Keeping all the above consideration, the data to be collected temporally ranges from 2016 till 2021 and spatially would cover Europe and the northern parts of Africa, filtered using the hashtags relating tweets to the migration crisis. The data was collected using the Twitter API which limits tweets collected to 1% of all tweets being tweeted at the time of the query. Geo-referenced tweets in English only account for 2.17% of all tweets and percentages of all the other queried languages are similarly low (Leetaru et al. 2013). Moreover, (Sloan et al. 2013) opined that the amount of geo-referenced tweets closely follow the geographic population distribution. Therefore, the constraints of the Twitter API were not expected to significantly hinder the work. The results of the query underwent a two-step refinement process. The first was to simply check if the hashtags used for the query returned tweets relevant to the migration crisis. For this step, the co-occurring hashtags were examined. This was necessary due to the query used for retrieving the tweets uses word fragments that can be ambiguous and therefore return tweets that do not relate to the desired topic. An example for that is shown in Code 1.

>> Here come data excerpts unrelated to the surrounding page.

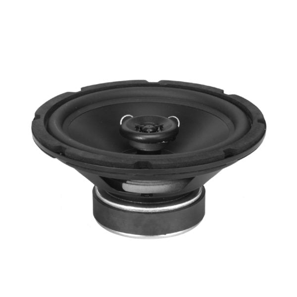 FEATURES • Description: A 20oz. LF magnet coupled with 1.4 inch copper voice coil drive a polyproylene cone with half-roll rubber surround for long cone travel and good edge damping. The post-mounted tweeter is a 1 inch balanced-drive dome protected by Ferrofluid and a first-order high-pass filter. • Frame: Stamped 20-gauge steel with black enamel finish and zinc plated back-plate. • Power Rating: 50W RMS • Frequency Response: 50Hz-20kHz (±7.5dB), crossover at 4kHz • Mounting Depth: 3.85 in. • Mounting Bolt Circle: 7.625–7.688 in. • Dispersion Angle: 90 degrees conical • Average Sensitivity: 89.6dB • Made in U.S.A. with global components • Meets or exceeds industry standards
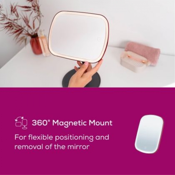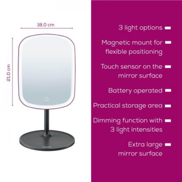 Automatic switch off after 15 minutes; Magnetic bracket for flexibility when positioning and removing the mirror; Easy to use thanks to touch-sensor on the mirror surface
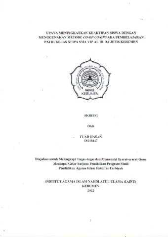 FUAD HASAN, NIM. 18116447 and Dr. Eliyanto, M.Pd.I., 2108058801 and Fibriyan Irodati, M.Pd.I., 2120029101 (2022) Upaya Meningkatkan Keaktifan Siswa dengan Menggunakan Metode Co-Op Co-Op pada Pembelajaran PAI di Kelas XI IPA SMA VIP Al Huda Jetis Kebumen. Other thesis, Institut Agama Islam Nahdlatul Ulama ( IAINU Kebumen).
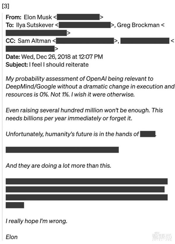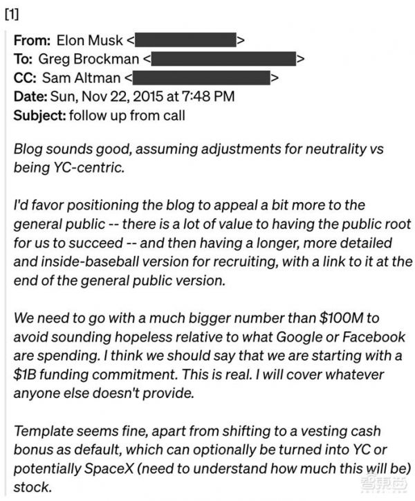 2015年底创办OpenAI时,Greg和Sam最初计划筹集1亿美元。Elon在一封电子邮件中写道:“我们需要比1亿美元更多的资金,以避免听起来毫无希望……我认为我们应该说,我们将从10亿美元的融资承诺开始……我将承担其他人没有提供的任何资金”。[1]
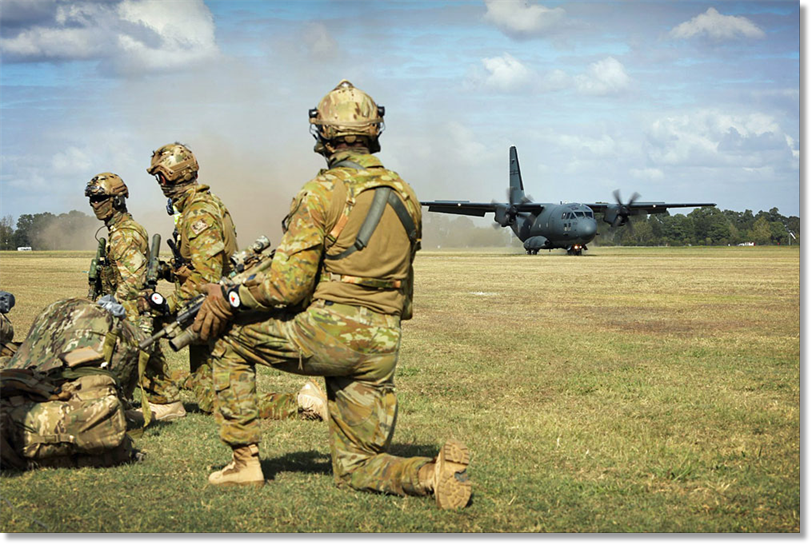 Members of No. 2 Commando Regiment watch a RAAF C-27J Spartan taxi on a grass airstrip at RAAF Base Richmond, during a ceremony to announce completed delivery of the fleet of ten Spartans. In Defence service, the Spartan will provide a flexible and versatile airlifter into frontline airfields that are unsuitable for larger transport aircraft.
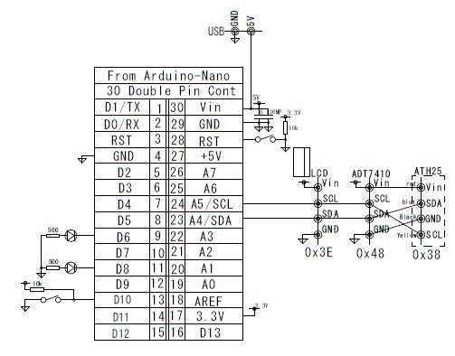 3 I2C 3回路 ---LCD(AQM1602XA-GWB-11C) ATH25(温湿度) ADT7410(温度のみ)

$${\text{WHERE LOWER}}\left( {{\text{tweet}}\_{\text{text}}} \right){\text{ LIKE }}^{\prime}\% {\text{asyl}}\% ^{\prime}$$

Code 1 Snippet from the initial SQL query for retrieving relevant tweets

The word asyl is German for the English word “asylum”. The query in Code 1 returned tweets containing the word asyl in both the tweet body and hashtags. But, since the ‘%’ operator was used, the query additionally returned tweets having conjugations with the root word asyl. An example of such a hashtag would be asylum16, which does contain the root word asyl but the hashtag has no relevance with the migration crisis in EU. Hashtags such as asylum16 are referred to as the semantically non-relevant hashtags. After this initial query, both semantically relevant and non-relevant hashtags were found in the dataset, leading the authors to a second round of filtering. This was the second step of the aforementioned two-step refinement process.

After the removal of the semantically irrelevant hashtags, the new relevant co-occurring hashtags were included in a second query. These co-occurring hashtags were selected based on the number of times they appeared in the first query and were absent in the initially decided upon list of hashtags. For example, the hashtag asylrecht appeared as a co-occuring hashtag in the initial query but was not included in the list of queried hashtags. Therefore this hashtag was included for the second round of querying, after removing the semantically non-relevant hashtags. At this point, the hashtags in Turkish, Greek and Russian were also excluded as the low number of tweets returned in the initial query did not justify their inclusion in the dataset. Furthermore, the non-Latin script of these languages posed unique challenges while performing the semantic filtering described above. After these refinement steps, a second query was conducted which returned approximately 170,000 tweets from February 2016 until January 2021, posted within the bounding box of Europe. This was used as the final dataset for the study.

4.2 Data Storage and Preparation

The entire dataset was stored on two separate PostgreSQL servers, one server for the raw tweets and the other for the tweets in HLL format. Here the term “raw tweets” refers to tweets that have been converted into LBSM raw format by using the program lbsntransform.Footnote 2 The methodology of exploring both formats of tweets followed the LBSM structure (Dunkel et al. 2019). There are, however, particularities involved in exploring the raw tweets and HLL format tweets which are explained below.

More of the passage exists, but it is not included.